Sans disposer de capteurs pouvant intercepter les communications radio des drones, on voit mal comment il serait possible d’affirmer qu’ils évoluaient de manière totalement autonome alors même que cela ne correspond pas à leur utilisation normale. Les auteurs du rapport ne disposent, au mieux, que de témoignages d’observateurs sur place dont il est très peu probable qu’ils aient disposé des équipements de guerre électronique pouvant déterminer si les drones bénéficiaient ou non de liaisons de données. De toute façon, il aurait aussi fallu que ces témoins connaissent les fréquences utilisées par ces drones, ce qui nécessite un travail de renseignement en amont.
Compte tenu du peu d’éléments à disposition, on peut donc légitimement douter de la valeur de cette affirmation.
Outre le fait qu’utiliser un drone sans liaison de données ne présente qu’assez peu d’intérêt, le scénario décrit dans le rapport de l’ONU ne correspond pas au concept d’emploi que donne le constructeur. De plus, aucun élément tangible ne vient appuyer ce scénario. Alors pourquoi a t-il été retenu ? Il s’agit probablement d’une extrapolation qui a été faite à partir de la documentation constructeur alors même que l’on parle beaucoup de l’intelligence artificielle et que le débat sur les systèmes létaux autonomes fait rage. Le contexte et les fantasmes rattachés à l’intelligence artificielle ont peut-être influencé les experts qui ont pu aussi être trompés par nombre de vidéos, plus ou moins sérieuses, qui mettent en scène des « drones tueurs ».
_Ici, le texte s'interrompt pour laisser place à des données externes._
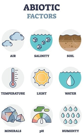 与生物因素不同,非生物因素在一个生态系统到另一个生态系统之间可能会有所不同。例如,在水生环境中,非生物因素可能包括水的pH值、水深、阳光、浊度、盐度、可用养分和溶解氧。在陆地生态系统中,非生物因素可能包括土壤、温度、土壤类型、降雨、海拔、风、养分、阳光等。
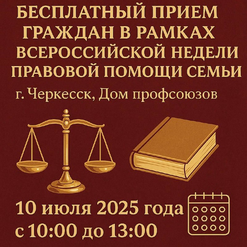 🔖Всероссийская неделя правовой помощи: совместный прием граждан в КЧР 10 июля 2025 года с 10:00 до 13:00 на базе Дома профсоюзов (г. Черкесск, пр.Ленина, 34) состоится бесплатный прием граждан в рамках Всероссийской недели правовой помощи семье. Кто проводит? - Региональный исполком Народного фронта в КЧР - Юридическая клиника (консультация) СКГА - Центр правовой помощи «Ресурс» - Объединение профсоюзов КЧР - Республиканский Центр психолого-педагогической, медицинской и социальной помощи Какие вопросы можно задать? 🔸Правовая поддержка семейных пар (брачные договоры, алименты, наследство) 🔸Защита интересов детей (опека, образование, льготы) 🔸Жилищные и имущественные споры (раздел имущества, ипотека) 🔸Социальные гарантии (материнский капитал, пособия) 🔸Психологическая помощь (конфликты в семье, стрессовые ситуации) Как принять участие? 🤩Адрес: пр.Ленина, 34, Дом профсоюзов 🤩Дата: 10 июля 2025 г. 🤩Время: 10:00–13:00 🤩8-928-389-983-1 Предварительная регистрация не требуется
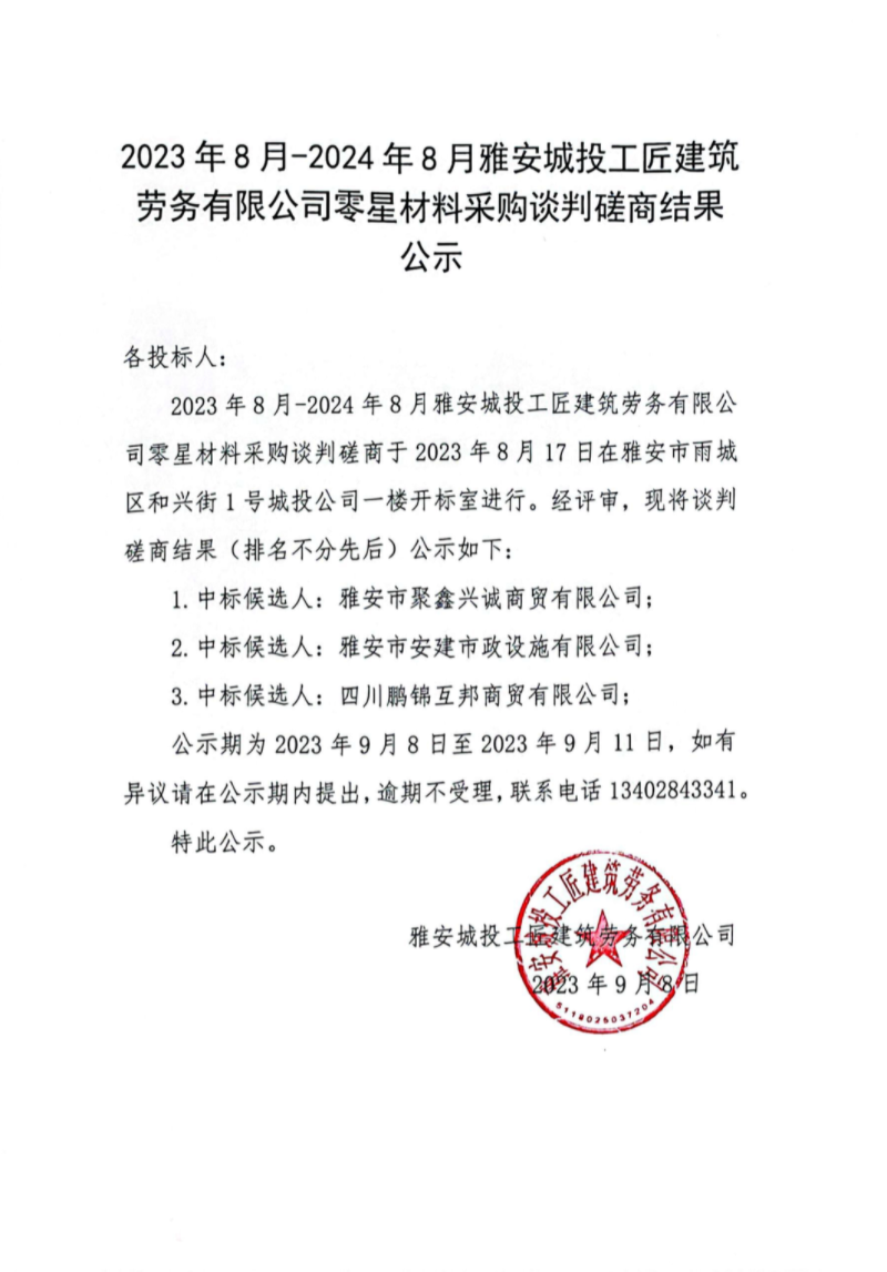 2023年8月-2024年8月雅安城投工匠建筑勞務有限公司零星材料采購談判磋商結(jié)果公示
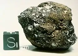 Meteorite next to a 1 cm sided cube. Found by ANSMET in the 1981-82 season. A Lunar meteorite
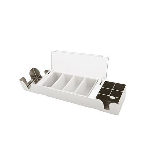 Stojalo za serviete in slamice, za urejanje barskega pulta in delovne površine. Postavitev, ki barmanu omogoča, da so najpomembnejše stvari vedno pri roki.
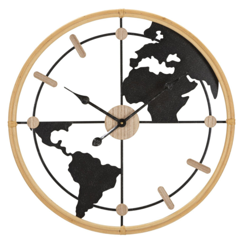 Világtérkép Falióra - Elegáns, modern dizájn 🌎 Ez a 60 cm átmérőjű kerek falióra egyedi megjelenést kölcsönöz otthonának. A letisztult dizájn és a világtérképpel díszített számlap stílusos és modern hangulatot teremt. A fa és fém kombinációja elegá...
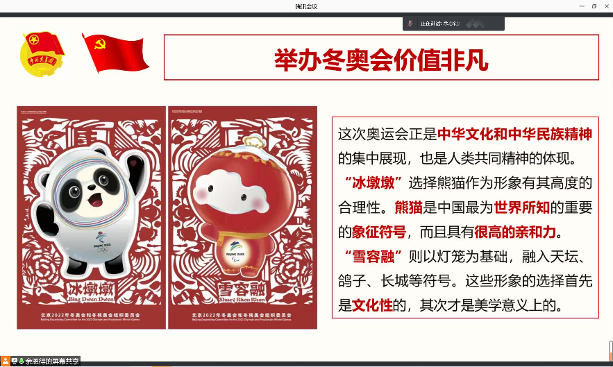 首先,会议由团支部书记余恩得同志主持召开团支部一月组织生活会。分别学习总书记二〇二二年新年贺词、北京冬奥会的历史意义和文化价值和全校师生疫情防控倡议书。

En l’état, aucun élément ne peut aujourd’hui étayer le fait que des drones autonomes aient pu mener des attaques de leur propre initiative, d’autant plus qu’en réalité, la technologie ne le permet pas encore. Les capacités de reconnaissance des drones sont encore limitées à la reconnaissance de certains objets (véhicules, humains). Ce n’est pas parce que des algorithmes de reconnaissance faciale sont disponibles en open source qu’ils peuvent s’appliquer dans un contexte opérationnel. C’est une chose que de reconnaître un visage à quelques mètres en quelques secondes, mais c’en est une autre de faire fonctionner la même application en temps réel sur des scènes complexes avec une puissance de calcul forcément limitée compte tenu de la taille du drone.
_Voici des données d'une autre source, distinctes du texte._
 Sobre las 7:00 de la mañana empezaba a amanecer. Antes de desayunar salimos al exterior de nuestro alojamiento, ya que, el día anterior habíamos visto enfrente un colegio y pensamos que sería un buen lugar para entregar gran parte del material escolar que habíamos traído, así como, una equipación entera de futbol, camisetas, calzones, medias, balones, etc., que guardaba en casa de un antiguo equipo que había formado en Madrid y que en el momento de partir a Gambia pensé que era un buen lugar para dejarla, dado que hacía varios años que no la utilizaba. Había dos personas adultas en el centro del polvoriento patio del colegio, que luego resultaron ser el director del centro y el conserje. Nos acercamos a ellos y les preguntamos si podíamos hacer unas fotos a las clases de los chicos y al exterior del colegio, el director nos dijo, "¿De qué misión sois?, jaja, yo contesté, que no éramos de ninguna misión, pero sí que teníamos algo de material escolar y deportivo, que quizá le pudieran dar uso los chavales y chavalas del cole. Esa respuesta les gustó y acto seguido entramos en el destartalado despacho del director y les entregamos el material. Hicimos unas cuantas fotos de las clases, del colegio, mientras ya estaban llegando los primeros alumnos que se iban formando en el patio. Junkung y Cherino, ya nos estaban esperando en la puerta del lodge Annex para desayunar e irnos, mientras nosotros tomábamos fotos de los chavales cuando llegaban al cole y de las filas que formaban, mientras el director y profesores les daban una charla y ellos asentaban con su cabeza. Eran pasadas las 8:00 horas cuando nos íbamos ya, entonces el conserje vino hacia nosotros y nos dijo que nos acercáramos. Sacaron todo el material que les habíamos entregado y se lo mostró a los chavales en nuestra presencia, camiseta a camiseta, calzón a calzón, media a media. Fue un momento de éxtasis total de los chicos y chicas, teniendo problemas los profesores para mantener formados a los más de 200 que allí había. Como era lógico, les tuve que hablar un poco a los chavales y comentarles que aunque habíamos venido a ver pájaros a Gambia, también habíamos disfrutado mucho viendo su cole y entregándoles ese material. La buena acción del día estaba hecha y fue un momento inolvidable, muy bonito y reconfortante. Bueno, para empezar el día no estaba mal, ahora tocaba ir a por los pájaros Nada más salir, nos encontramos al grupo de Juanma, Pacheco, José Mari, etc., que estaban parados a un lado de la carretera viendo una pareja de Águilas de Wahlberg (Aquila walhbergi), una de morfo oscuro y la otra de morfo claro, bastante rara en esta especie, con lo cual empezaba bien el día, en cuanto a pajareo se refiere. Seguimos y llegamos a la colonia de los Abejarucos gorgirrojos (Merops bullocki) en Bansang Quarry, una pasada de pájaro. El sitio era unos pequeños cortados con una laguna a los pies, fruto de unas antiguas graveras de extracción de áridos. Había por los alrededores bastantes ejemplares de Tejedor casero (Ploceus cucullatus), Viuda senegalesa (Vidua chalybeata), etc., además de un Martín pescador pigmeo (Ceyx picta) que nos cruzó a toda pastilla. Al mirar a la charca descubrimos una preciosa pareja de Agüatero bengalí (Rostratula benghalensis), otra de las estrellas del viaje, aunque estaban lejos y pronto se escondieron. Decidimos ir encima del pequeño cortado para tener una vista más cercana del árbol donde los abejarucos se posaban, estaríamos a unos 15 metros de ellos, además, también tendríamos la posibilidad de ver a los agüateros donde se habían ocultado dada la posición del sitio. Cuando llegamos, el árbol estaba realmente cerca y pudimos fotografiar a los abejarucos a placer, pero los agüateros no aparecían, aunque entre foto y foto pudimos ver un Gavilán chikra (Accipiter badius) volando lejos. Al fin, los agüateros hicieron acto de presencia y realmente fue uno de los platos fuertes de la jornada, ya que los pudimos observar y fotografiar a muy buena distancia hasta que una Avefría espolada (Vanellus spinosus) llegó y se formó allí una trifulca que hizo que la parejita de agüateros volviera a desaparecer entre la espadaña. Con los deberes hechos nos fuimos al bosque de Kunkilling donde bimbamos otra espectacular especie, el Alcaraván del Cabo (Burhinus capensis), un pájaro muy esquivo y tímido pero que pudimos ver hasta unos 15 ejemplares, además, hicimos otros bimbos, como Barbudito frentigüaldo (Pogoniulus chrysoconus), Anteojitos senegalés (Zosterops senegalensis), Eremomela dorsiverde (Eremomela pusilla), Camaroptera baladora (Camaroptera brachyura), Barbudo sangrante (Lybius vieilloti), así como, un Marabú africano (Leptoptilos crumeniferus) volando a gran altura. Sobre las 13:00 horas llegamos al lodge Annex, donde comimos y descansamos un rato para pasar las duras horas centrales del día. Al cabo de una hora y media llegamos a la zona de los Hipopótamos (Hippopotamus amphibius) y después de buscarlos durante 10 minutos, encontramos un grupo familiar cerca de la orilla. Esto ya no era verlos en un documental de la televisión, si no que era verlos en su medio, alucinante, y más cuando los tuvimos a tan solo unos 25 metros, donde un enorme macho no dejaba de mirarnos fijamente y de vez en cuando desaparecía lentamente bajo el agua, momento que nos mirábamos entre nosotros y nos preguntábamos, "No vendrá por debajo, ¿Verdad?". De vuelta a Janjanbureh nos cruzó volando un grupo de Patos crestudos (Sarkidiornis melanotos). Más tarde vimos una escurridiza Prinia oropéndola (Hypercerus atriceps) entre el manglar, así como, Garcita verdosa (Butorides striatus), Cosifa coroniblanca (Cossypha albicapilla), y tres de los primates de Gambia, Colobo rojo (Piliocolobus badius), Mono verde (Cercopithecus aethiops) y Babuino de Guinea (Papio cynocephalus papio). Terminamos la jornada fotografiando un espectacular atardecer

Au regard des éléments disponibles, des contraintes opérationnelles et des limitations technologiques, le scénario décrit dans le rapport de l’ONU ne semble pas crédible. Il est aussi possible que cette interprétation soit volontairement biaisée afin de mettre la pression sur les Etats pour mieux encadrer les développements militaires autour de l’intelligence artificielle.